§ RECORDS SHOWN:
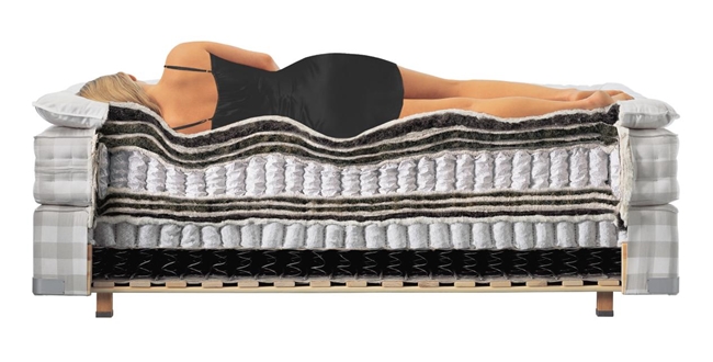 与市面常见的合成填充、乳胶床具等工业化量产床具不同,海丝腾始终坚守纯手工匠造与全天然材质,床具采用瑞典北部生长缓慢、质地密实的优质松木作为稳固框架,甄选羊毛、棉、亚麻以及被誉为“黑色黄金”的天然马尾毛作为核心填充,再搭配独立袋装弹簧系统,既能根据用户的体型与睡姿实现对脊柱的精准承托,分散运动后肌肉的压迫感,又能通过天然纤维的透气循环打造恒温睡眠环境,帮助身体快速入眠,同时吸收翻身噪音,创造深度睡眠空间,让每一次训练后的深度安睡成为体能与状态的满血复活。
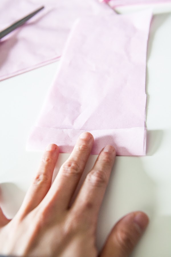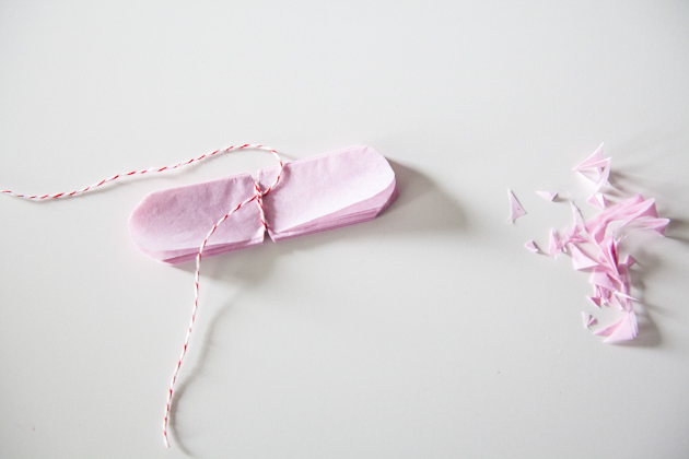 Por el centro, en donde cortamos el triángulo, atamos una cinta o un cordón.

---

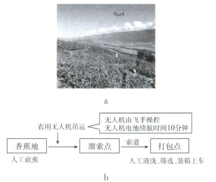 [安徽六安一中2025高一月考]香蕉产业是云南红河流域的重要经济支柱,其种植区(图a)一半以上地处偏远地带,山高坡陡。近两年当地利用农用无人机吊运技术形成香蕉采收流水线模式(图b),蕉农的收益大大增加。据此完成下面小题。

§ TASK DETAILS: Retype the lines above exactly as they appear, from the line containing "与市面常见的合成填充、乳胶床" through the line containing "Por el centro, en", and leave out any pictures.

§ ANSWER SPACE:
 与市面常见的合成填充、乳胶床具等工业化量产床具不同,海丝腾始终坚守纯手工匠造与全天然材质,床具采用瑞典北部生长缓慢、质地密实的优质松木作为稳固框架,甄选羊毛、棉、亚麻以及被誉为“黑色黄金”的天然马尾毛作为核心填充,再搭配独立袋装弹簧系统,既能根据用户的体型与睡姿实现对脊柱的精准承托,分散运动后肌肉的压迫感,又能通过天然纤维的透气循环打造恒温睡眠环境,帮助身体快速入眠,同时吸收翻身噪音,创造深度睡眠空间,让每一次训练后的深度安睡成为体能与状态的满血复活。
 Por el centro, en donde cortamos el triángulo, atamos una cinta o un cordón.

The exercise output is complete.